Все, кто был в зале и на сцене, резко обернулись к двери в зал.

Там в проходе стоял Петр Сиволапов. Вид у него был смущенный и очень усталый. Он обескураженно повертел головой и со вздохом сожаления произнес:

– В поезде ночью заболела Женя Трембич. У нее очень высокая температура… Я всю ночь провозился с ней. К счастью, в соседнем купе ехал врач. Но это, видимо, грипп, она не стоит на ногах, и я отвез ее домой…

Сергеева уже знал весь медицинский персонал отделения реанимации. Ему показали окно, около которого стояла кровать Алены, и он часами простаивал под ним, мысленно разговаривая с ней. Впрочем, забываясь, Глеб начинал говорить вслух.

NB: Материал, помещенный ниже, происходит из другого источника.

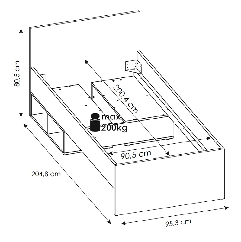 Łóżko ma szerokość 95,3 cm, wysokość 80,5 cm i głębokość 204,8 cm, zapewniając wygodne miejsce do spania dla jednej osoby. Jego minimalistyczny i nowoczesny design pozwala łatwo dopasować łóżko do różnych aranżacji wnętrza.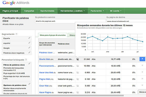 Para acceder a esta herramienta debemos tener una cuenta en Google Adword. Luego entramos al menu Herramientas y análisis > Planificador de palabras claves

– Сокровище мое… ты же знаешь… так уж сложилось, что мне без тебя никак… Я ждал тебя всю жизнь, и ты пришла и сделала мою жизнь такой… о которой я даже не смел мечтать. Малышка моя ненаглядная, мы с тобой вместе можем сделать много доброго в этой жизни, я не сомневаюсь, мы можем сделать ее чище, осмысленней, возвышенней… Аленушка моя драгоценная, у нас впереди огромность всего. Ты стала частью моего личного мира, и я не позволю тебе быть моим самым большим горем. Свет твоего огромного творческого дара только разгорается, и Господь не может позволить загасить его. Ты должна сейчас слышать меня. Я передаю тебе всю свою энергию, всю силу, всю любовь, которая необходима тебе сейчас. Я мысленно целую каждую твою клеточку… Я мечтаю состариться вместе с тобой и в глубокой старости умереть в один день…

Выглядывая в окно, медсестры видели неутомимо вышагивающего Глеба, который размахивал руками и говорил, говорил – с собой ли, с ней ли, с Богом ли? И они прониклись к нему симпатией и состраданием, стали приглашать в сестринскую комнату выпить чего-нибудь горяченького – чаю или кофе, а то разводили бульон в керамических кружках и заставляли его «восстановить силы и согреться».

В то утро, когда в театре прогонялся премьерный спектакль, Глеб привычно бродил под окнами больницы, с недоумением отмечая абсолютно весеннее бодрящее благоухание в воздухе и ощущая под ногами набрякшую, готовую выпустить на свет стрелки травы землю.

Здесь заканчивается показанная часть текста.